One important thing to mention is that characters for numerals are represented differently from their corresponding number, i.e. '1' is not equal to 1.
I want to write signed integer values into a file in a platform independent way.
If they were unsigned, I would just convert them from host byte order to LE (or BE) with the endian(3) family of functions.
I'm not sure how to deal with signed integers though. If I cast them to unsigned values, I loose the sign, since the C standard does not guarantee that
(int) ((unsigned) -1)) == -1
The other option would be to I cast a pointer to the value (i.e., reinterpret the byte sequence as unsigned), but it I'm not convinced that converting endianness after that is going to give anything sensible.
What is the proper way for platform independent signed integer storage?
Update:
I know that in practice, almost all architectures use two-complement representation, so that I can losslessly convert between signed and unsigned integers. However, this is question is meant to be more theoretical.
Just rolling out my own integer representation (be that storing the decimal letters as ascii characters, or separately storing the sign bit) is of course a solution. However, I'm interested if there is a way that works without completely abandoning the native binary representation.
The simplest solution:
For writing, just convert to unsigned and use your unsigned endian conversion functions.

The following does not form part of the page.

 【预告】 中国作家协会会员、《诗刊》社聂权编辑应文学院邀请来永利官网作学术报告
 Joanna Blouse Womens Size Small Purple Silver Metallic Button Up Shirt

For reading the values back, first read them into an unsigned variable, and check if the high bit is set, and do some arithmetic to make the conversion well-defined:
uint32_t temp;
int32_t dest;
if (temp > INT32_MAX) dest = -(int32_t)(-temp-1)-1;
else dest = temp;
As an added bonus, a good compiler on a sane system (i.e. a twos-complement system where the implementation-defined conversion to unsigned is "correct") will first optimize -(int32_t)(-temp-1)-1 to (int32_t)temp, then optimize the two branches of the conditional, which now both contain identical code, to a single code path with no branch.

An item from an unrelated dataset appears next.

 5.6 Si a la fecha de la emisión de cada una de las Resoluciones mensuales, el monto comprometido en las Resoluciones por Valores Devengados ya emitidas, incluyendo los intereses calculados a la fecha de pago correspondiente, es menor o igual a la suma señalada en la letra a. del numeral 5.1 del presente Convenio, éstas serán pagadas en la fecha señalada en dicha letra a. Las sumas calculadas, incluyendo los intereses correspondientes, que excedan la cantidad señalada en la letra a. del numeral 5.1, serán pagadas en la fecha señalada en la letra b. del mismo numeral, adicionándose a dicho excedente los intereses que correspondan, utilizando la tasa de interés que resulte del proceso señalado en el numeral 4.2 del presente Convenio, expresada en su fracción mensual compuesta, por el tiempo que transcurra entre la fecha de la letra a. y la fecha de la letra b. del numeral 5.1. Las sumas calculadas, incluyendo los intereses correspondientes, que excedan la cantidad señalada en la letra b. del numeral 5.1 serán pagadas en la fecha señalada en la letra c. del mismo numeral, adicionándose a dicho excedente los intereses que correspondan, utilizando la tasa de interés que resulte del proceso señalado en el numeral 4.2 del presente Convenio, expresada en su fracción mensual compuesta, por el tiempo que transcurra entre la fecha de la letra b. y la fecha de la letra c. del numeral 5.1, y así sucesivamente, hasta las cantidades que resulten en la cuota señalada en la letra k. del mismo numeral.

A platform-independent way? If you truly want this, you should consider writing it as text rather than binary (and taking into account that even that is not fully platform-independent since you may want to move it from an ASCII to an EBCDIC platform).
It all depends on how platform-independent you need it to be. C allows for three different signed encodings: two's complement, one's complement and sign/magnitude. But, by far, most machines will use the first one.
Work out first what you actually mean by that term. If you mean you only want to handle two's complement, then casting it to an unsigned is fine.
Use the same approach as when sending data over the network. Convert your unsigned or signed values to big-endian and save them by using htonl(). When reading, convert the data back to your machine endianness by using ntohl().
But as always you need to know if the data originally was signed or unsigned. With just a bit sequence, you can't know for sure.
Options:
Store numbers as plain text using printf()-like functions for conversion
Convert negative numbers to sign + absolute value, store them as unsigned with the extra sign bit
Output a 1 byte sign flag (e.g. 0=positive, 1=negative). If the value is negative make it positive and then write the value in big endian format. If you don't like 0 and 1 you could use '+' and '-'.
Store the sign and the absolute value as 2 fields, and recombine them when you read it back.
You said you already know how to convert to/from a well-defined byte order, so all that is left is to determine the sign (hint < 0 might help here :-)), take the absolute value (which you could do in combination with determining what it is, or using abs() or similar.
Something like:
if (num < 0) {
negative = 1;
num = -num;
} else {
negative = 0
}
write_value = htole32(num);
write(file, &negative, 1);
write(file, &write_value, 4);
As an optimization you could collect the sign bits for values together and store them in a single word before the absolute values.